The summation over rotations \(R_i\) and \(Q_i\) may appear a bit abrupt to you.

What happens is that we know the magnetic susceptibility tensor (a 3-by-3 matrix) for each molecule and we want to know the averaged tensor for an ensemble of the molecules.

For \(\left<\chi\right>_1\), we assume the molecules are randomly oriented, i.e., each one of them is pointing to a random direction and is then parametrized as \(R_i\chi R_i^{-1}\).

For \(\left<\chi\right>_2\), we assume the molecules are organized in a special way. They firstly form rings in two dimension, then the rings form cylinders. This model is motivated by the myelin sheath in white matter tracks.

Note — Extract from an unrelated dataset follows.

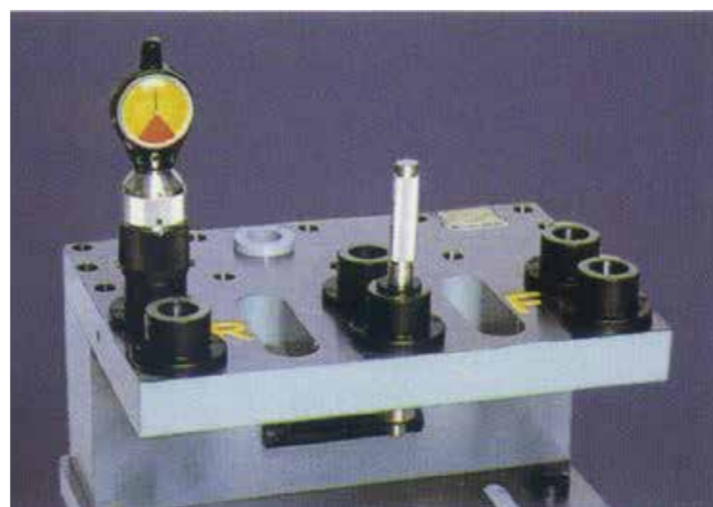
シリンダヘッド基準穴位置測定具 Cylinder head standard hole position measurement jig

More background information of the project can be found in our NeuroImage paper.

the evaluations

To evaluate the first summation, we note that \(\left<\chi\right>_1\) commutes with any rotation \(R_i\) in SO(3). According to Schur’s lemma, \(\left<\chi\right>_1\) is proportional to identity matrix. Also note rotations preserve matrix trace, thus we have

\[\begin{align} \left<\chi\right>_1 = \frac{\chi_{11} + \chi_{22} + \chi_{33}}{3} \ I, \end{align}\]

where \(I\) is the identity matrix.

The second summation can be done similarly. Note the representation is not irreducible in this case. To be more explicit,

\[\begin{align} \left<\chi\right>_2 = &\sum_{\theta_1,\theta_3} R_z(\theta_1) R_x(\pi/2) R_z(\theta_3) \chi R_z^{-1}(\theta_3) R_x^{-1}(\pi/2) R_z^{-1} (\theta_1) \\ = & \sum_{\theta_1} R_z(\theta_1) R_x(\pi/2) \begin{bmatrix} \frac{\chi_{11}+\chi_{22}}{2} & 0 & 0 \\ 0 & \frac{\chi_{11}+\chi_{22}}{2} & 0 \\ 0 & 0 & \chi_{33} \end{bmatrix} R_x^{-1}(\pi/2) R_z^{-1} (\theta_1) \\ =& \sum_{\theta_1}R_z(\theta_1) \begin{bmatrix} \frac{\chi_{11}+\chi_{22}}{2} & 0 & 0 \\ 0 & \chi_{33} & 0\\ 0 & 0 & \frac{\chi_{11}+\chi_{22}}{2} \end{bmatrix} R_z^{-1} (\theta_1) \\ =& \begin{bmatrix} \frac{\chi_{11}+\chi_{22}}{4}+ \frac{\chi_{33}}{2} & 0 & 0 \\ 0 & \frac{\chi_{11}+\chi_{22}}{4}+ \frac{\chi_{33}}{2} & 0\\ 0 & 0 & \frac{\chi_{11}+\chi_{22}}{2} \end{bmatrix} \end{align}\]

final thoughts

You can’t connect the dots looking forward; you can only connect them looking backwards. So you have to trust that the dots will somehow connect in your future. — Steve Jobs

It is nice that some random stuff from the past, especially one that I considered to be trivial and useless, can actually be put in use in a totally unexpected way. I am looking forward to seeing how my other random dots are going to connect in the future.